My Google Home setup controls the following:

  • A few Hue Lights directly via GH (e.g. “OKG TV Lights on”)

  • Chromecast Pro directly (e.g. “OKG show Mix Country on Youtube”)

  • A few monitors, outside security Cameras, IR HDMI Switch, VU Due and Teufel Decoder Station all controlled via IR Interface of the Harmony Hub (e.g. “OKG Show Cameras” or “OKG watch TV” or “OKG Chromecast on” (which switches one Monitor on and selects HDMI input to the Chromecast, switches the Teufel Decoder Station audio to the right channel).

  • And a few ‘artificial actions’ that connect the HarmonyHub to a few HomeMatic CCU2 Things via openHAB as described before (e.g. “OKG turn lights on”)

In the latter case, I am using a shortcut for “OKG turn lights on” to translate to “ask to harmony to switchone on”. “switchone” is a Harmony Hub action which just connects to a dummy Device. In openHAB I setup a rule like this:

rule "Rule Lights On"
when
   Item harmonyActivity changed to Switchone
then
   logInfo("Harmony", "1 Lights On")
   sendCommand(HM_LichtBuero,ON)
end

That’s basically all and working well. Also, no Oauth and myopenhab needed. All is running on my RasPi on the local Network and no ports have to be opened to the outside.

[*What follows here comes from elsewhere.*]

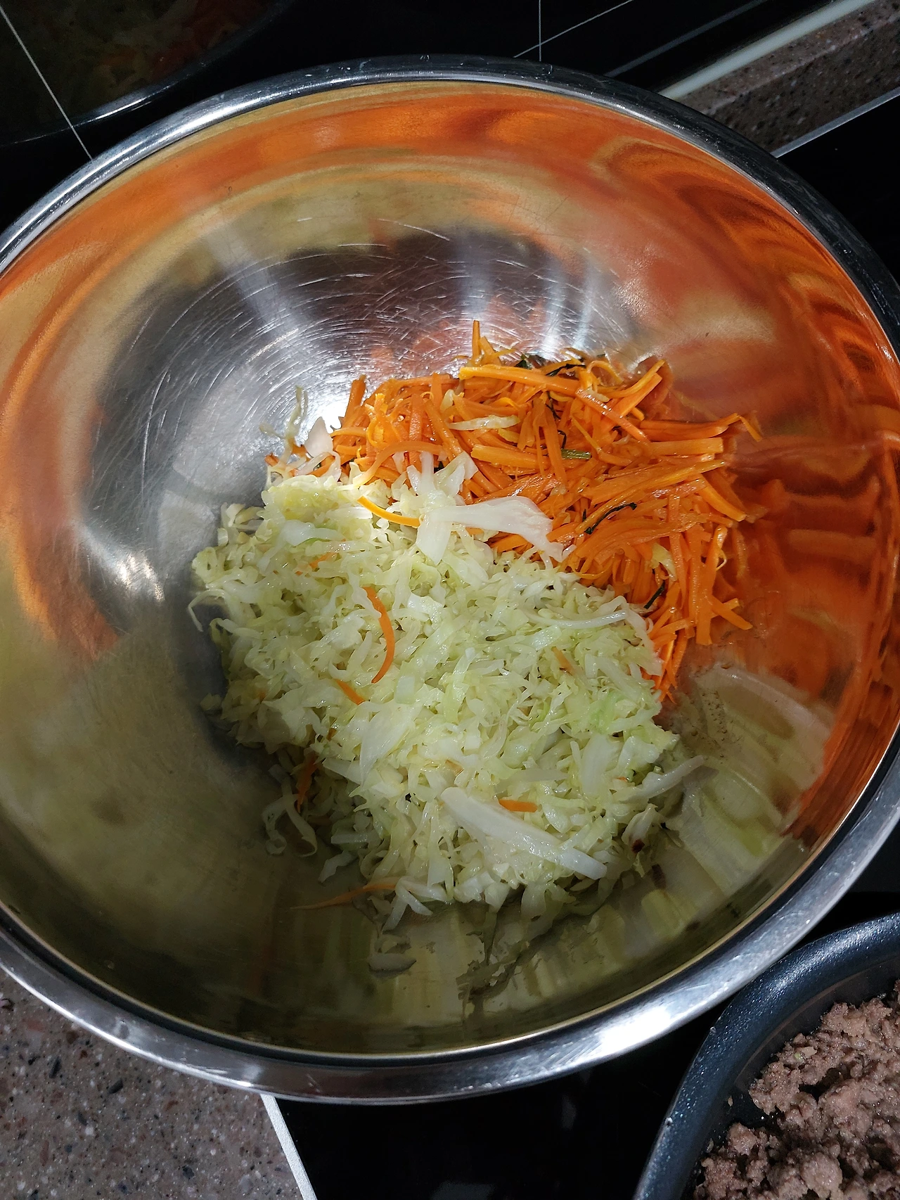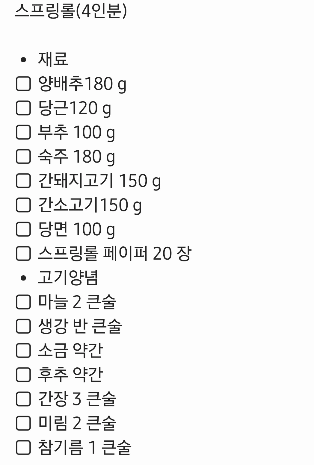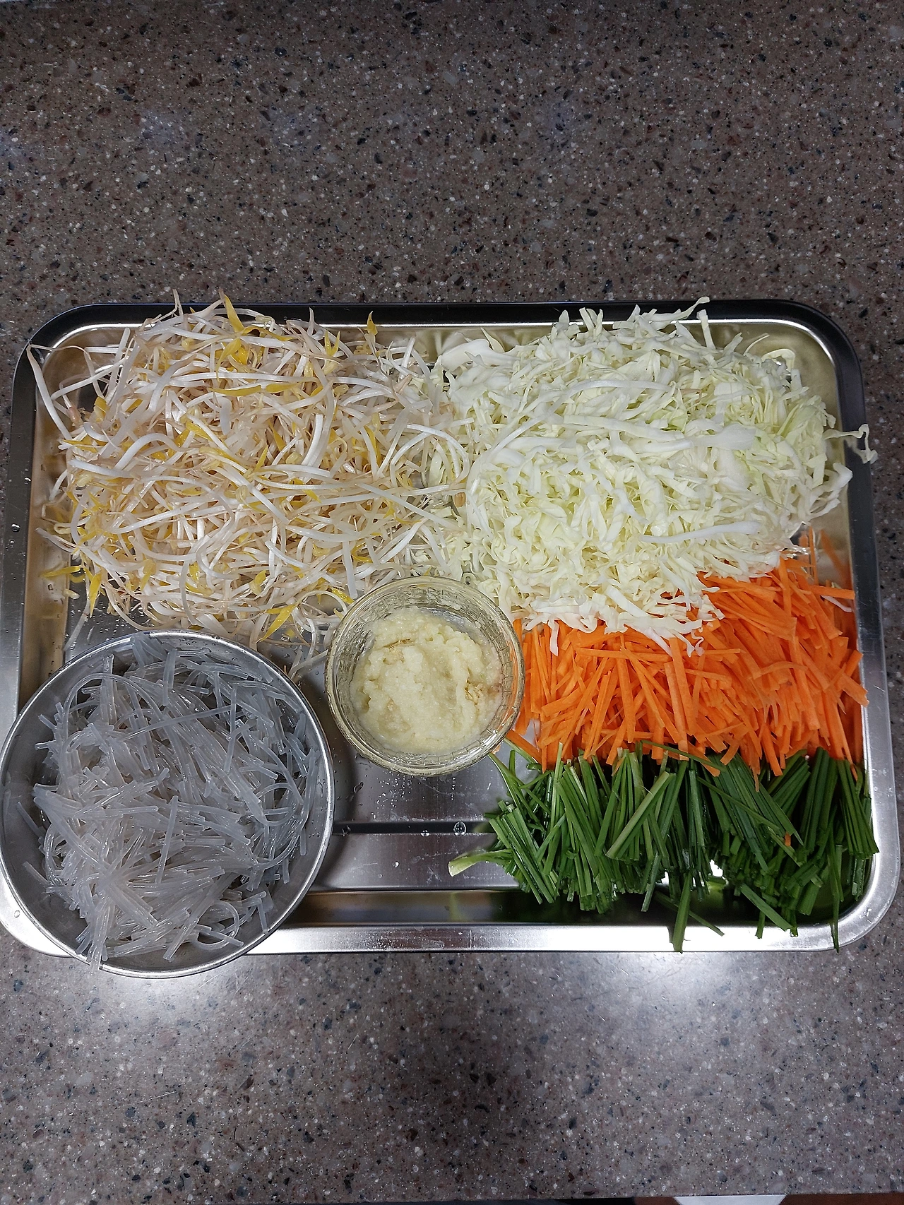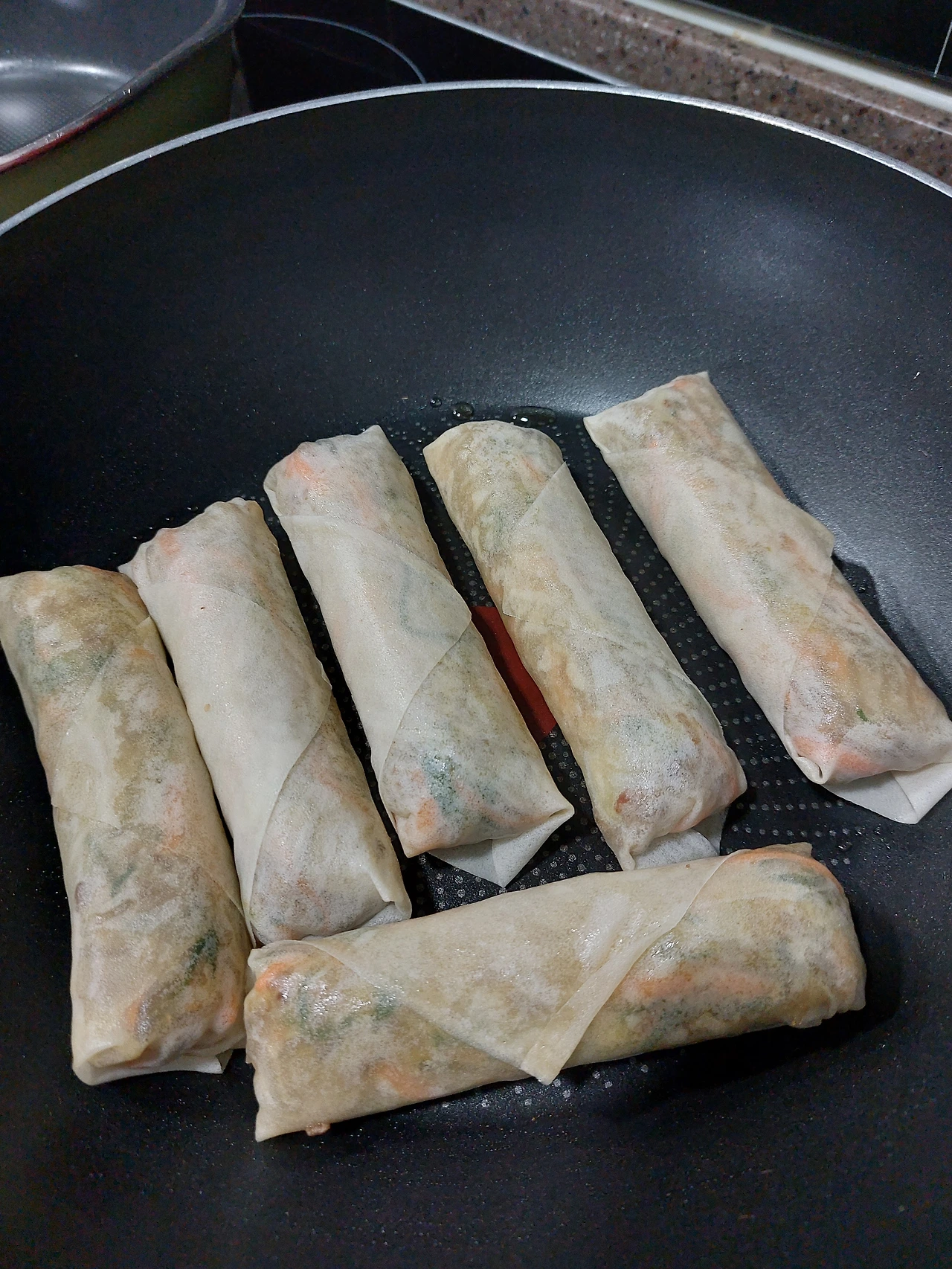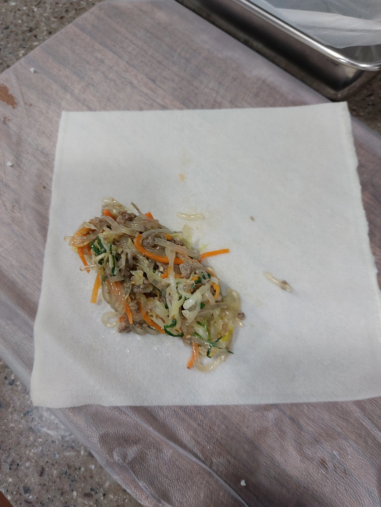 • 요리 순서 1. 야채들을 깨끗하게(양배추는 한 장씩 떼어 사이사이) 씻어 물기를 빼준다. 2. 분량의 당면을 60도 이상 뜨거운 물에 불려준다. 3. 물기가 빠진 야채들을 손가락 두 마디 정도 크기로 자른 뒤, 채 썰어준다. 5. 마늘과 생강을 믹서에 넣고 곱게 간다. 4. 간 돼지고기와 소고기를 용기에 담은 뒤 양념을 넣고 잘 섞어준다. 5. 궁중팬에 기름을 두르고 당근, 양배추를 따로 볶은 뒤(소금 간 살짝) 볼에 담아둔다. 6. 작은 팬에 양념된 고기를 센 불에서 볶다가 고기에서 육즙이 나오기 시작하면 중불로 줄인다. 7. 6에 숙주, 부추, 불린 당면을 넣고 볶다가 불을 끄고 볶아 둔 당근, 양배추를 넣고 잘 섞어준다. 부족한 간은 소금으로 맞춘다. 8. 7을 큰 볼에 옮겨 담고, 한 김 식힌다. 9. 스프링롤 페이퍼에 적당한 양(한 주먹 정도)의 볶음 소를 올려놓고 김밥 말듯 돌돌 말다 양쪽 끝을 안으로 접어서 끝까지 말아준다. 10. 프라이팬에 기름을 살짝 두르고 약불에서 완성된 스프링롤을 앞뒤로 살살 굴려가며 겉을 익혀준다. 11. 피시소스나 핫소스, 흑임자 깨소스 등에 찍어서 맛있게 먹는다.

The only drawbacks I noticed:

  • Yes, of course, you need to talk to GH in English - which is my preference anyway but not applicable to everybody. But it’s easy to get used to and you also benefit from the better speech recognition and additional GH features which are yet only available in english.

  • You need to carefully pick names for the artificial Harmony Hub actions. Real names like “Office Lights” don’t work well so I decided to use “switchone”, “switchtwo” etc. and you always need two artificial actions. One to turn things on and one to turn things off. The PowerOn/Off event can’t be used.

  • It’s a bit odd when you ask “OKG lights off” and it replies with “Sure, asking harmony” and then harmony answers “turning switchtwo on”. But it’s really fast and I can live with that.